Suppose $Y = X\beta + \epsilon,$ where $Y$ is $n \times 1$, $X$ is $n \times p$, and $\beta$ is $p \times 1$, and $\epsilon$ is $n \times 1$ with mean 0 and variance $\sigma^2$. The OLS estimator of $\beta$ is $\hat{\beta} = (X^TX)^{-1}X^TY$. Let $\hat{Y} = X\hat{\beta}$, then $\hat{Y} = X(X^TX)^{-1}X^TY$.

My question is, what is the MSE of $\hat{Y}$? Is it

$\operatorname{MSE}(\hat{Y}) = \operatorname{E} \left [\left(\hat{Y}-X\beta\right)\left(\hat{Y}-X\beta\right)^T \right] $ or

$\operatorname{MSE}(\hat{Y}) = \operatorname{E} \left [\left(\hat{Y}-X\beta\right)^T\left(\hat{Y}-X\beta\right) \right]$?

The former has dimension $n \times n$, and the latter has dimension $1 \times 1$.

Best Answer

The latter equation is closest to correct; $MSE$ is a scalar. (It is a little weird having $\hat{Y}$ inside the expectation since $\hat{Y}=X\hat\beta$.) That said, many people might ignore the expectation.

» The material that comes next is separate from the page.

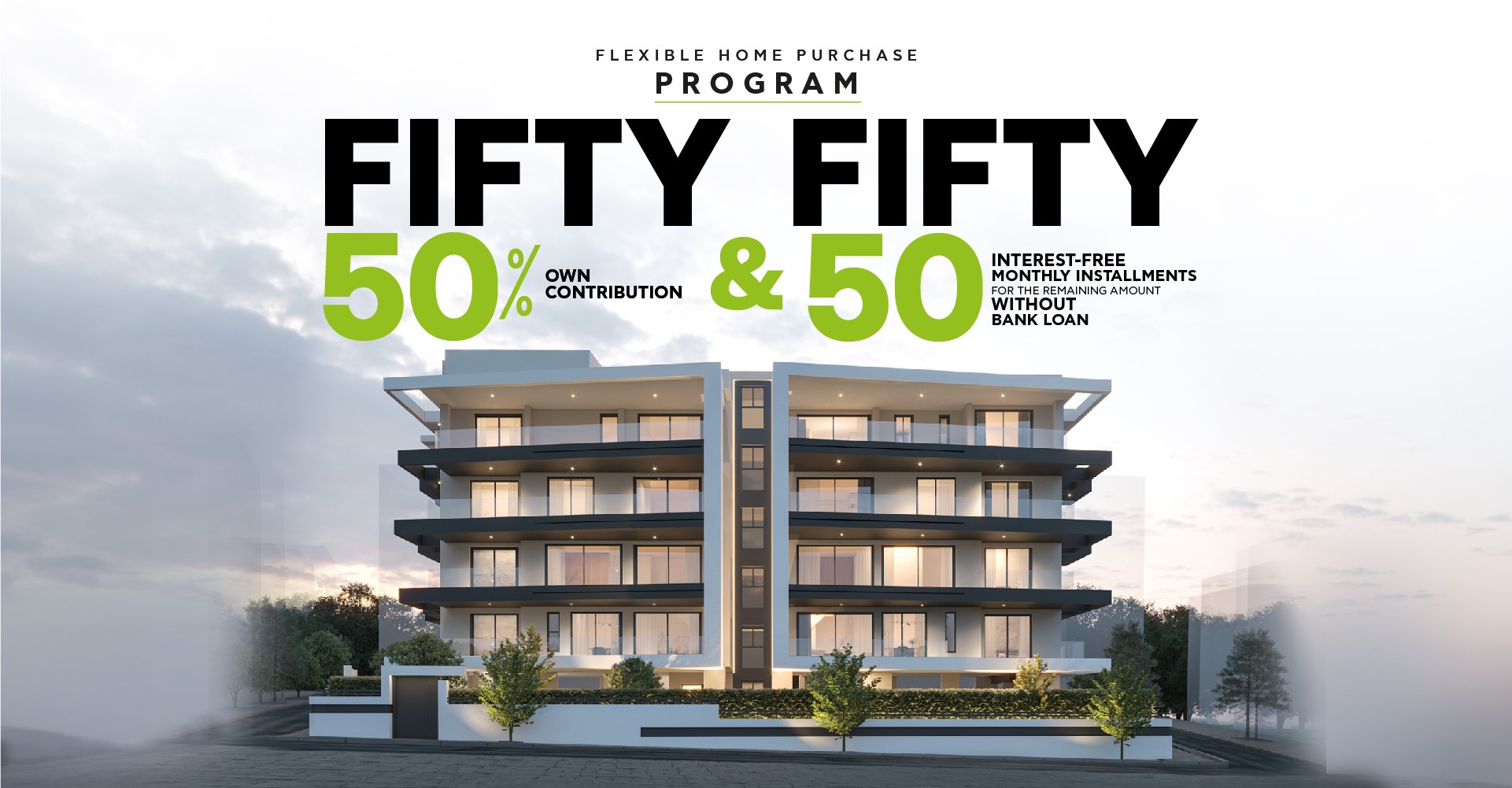 You can buy your home through the FIFTY FIFTY program by GREEN Properties, with the option to pay only 50% of its value upfront, without the need for a bank loan, and repay the remaining amount in 50 interest-free monthly installments.
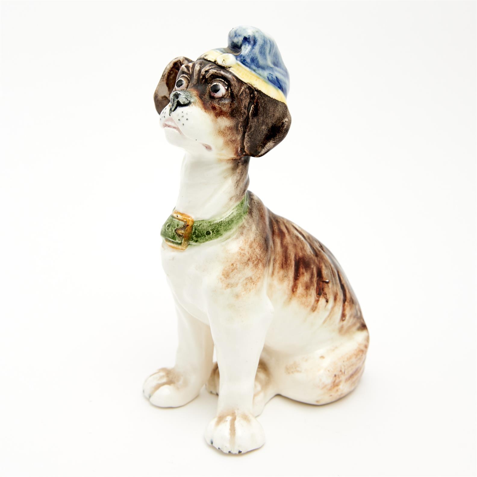 A CONTINENTAL PORCELIAN DOG (SMALL CHIP TO EAR) H.17CM, LEONARD JOEL DELIVERY SIZE: SMALL

Therefore, it might be easier to remember that $MSE = \frac{RSS}{df}$ where RSS is the residual sum of squares $RSS=(Y-X\hat\beta)^T(Y-X\hat\beta)$

and the degrees of freedom is $df=n-p$.

Finally, one point of convention: We typically say there are $p$ covariates, not including the intercept. Thus the $X$ used in the model is typically $n\times (p+1)$. Hence we usually write that $df=n-p-1$.